The second set of dispatches state that the fog has continued to grow, shrouding the town in darkness and emitting a "sickly" odor. They include an account from a sexton who claims that the fog originated from a village graveyard. The sexton claims to have seen something moving in the midst of the fog; as he fled, he heard screams from the homes next to the graveyard. A rescue party has been dispatched to investigate.
The third dispatch states that the rescue party has failed to return, and a larger party has been sent after them. The fog has continued to grow thicker, with an odor of decay. Cries are heard from the outskirts of the city.
After reading the third dispatch, Jim looks out of the window of the skyscraper, imagining that he sees a faint trace of fog below.
The fourth and final dispatch states that neither rescue party has returned, and that the author of the dispatches is cut off. The author speculates that the cries they hear are the death cries of the residents of Xebico, and notes they are growing closer to the center. As the fog reaches the city center, the author of the dispatch - looking down on the streets from a room on the thirteenth floor - states "The fog is not simply vapor -- it lives! By the side of each moaning and weeping human is a companion figure, an aura of strange and vari-colored hues The prone and writhing bodies have been stripped of their clothing. They are being consumed -- piecemeal." The author then states that "The whole sky is in flames. Colors as yet unseen by man or demon. As I look, they are swinging closer and closer, a million miles at each jump. The lights are coming closer. They are all around me. I am enveloped. I..."

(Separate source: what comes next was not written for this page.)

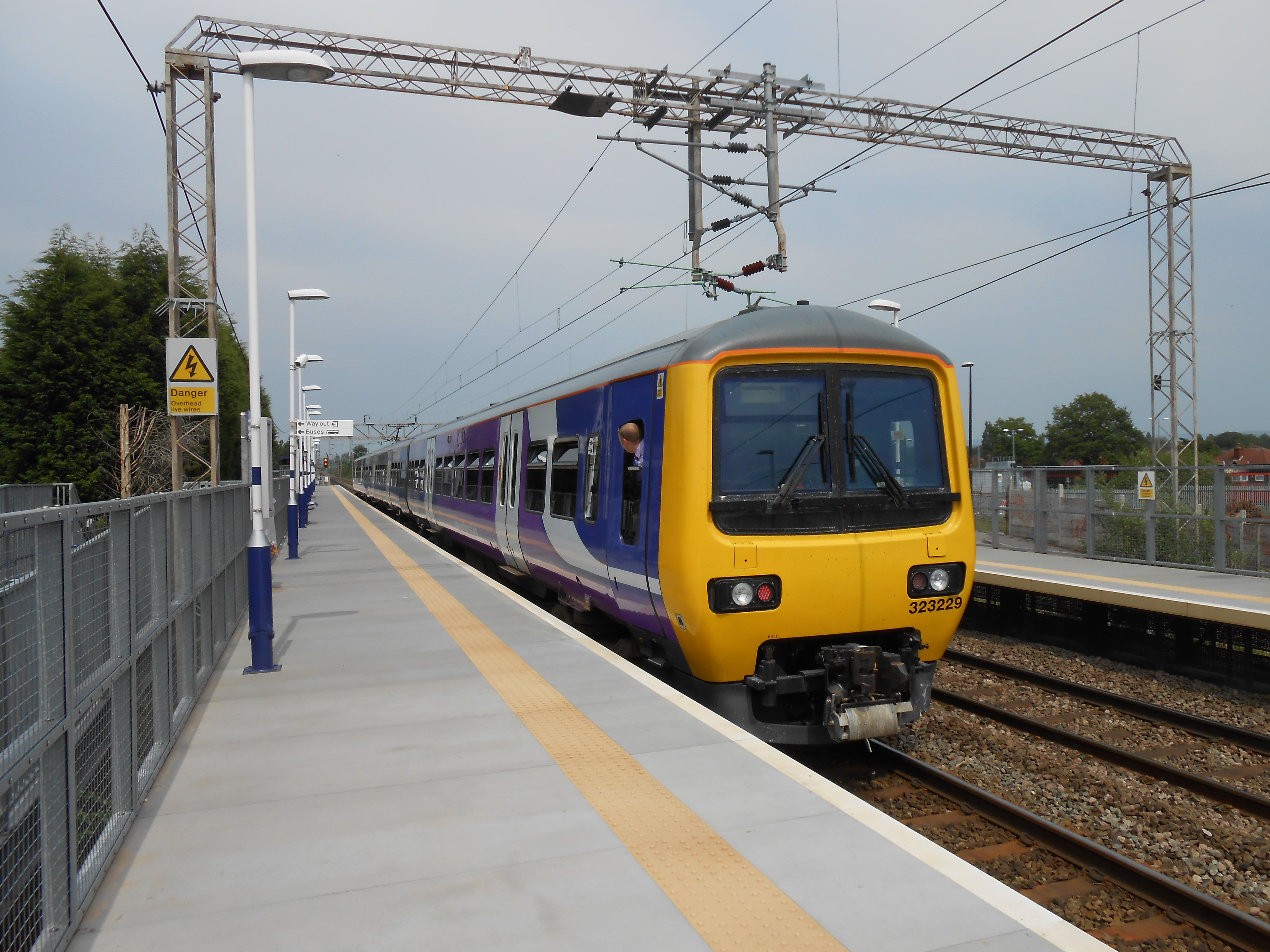 323229 taken at Mauldeth Road railway station, Manchester, England.

After the dispatch terminates abruptly, Jim contacts Chicago, who advise that they have not transmitted any messages that night. Assuming that they have been hoaxed, Jim shakes Morgan, only to find that "His body was quite cold. Morgan had been dead for hours." Jim wonders "Could it be that his sensitized brain and automatic fingers had continued to record impressions even after the end?"
The story closes with Jim vowing never again to work overnight for the news bureau. Jim notes that Xebico does not appear in the atlas, stating "Whatever it was that killed John Morgan will forever remain a mystery."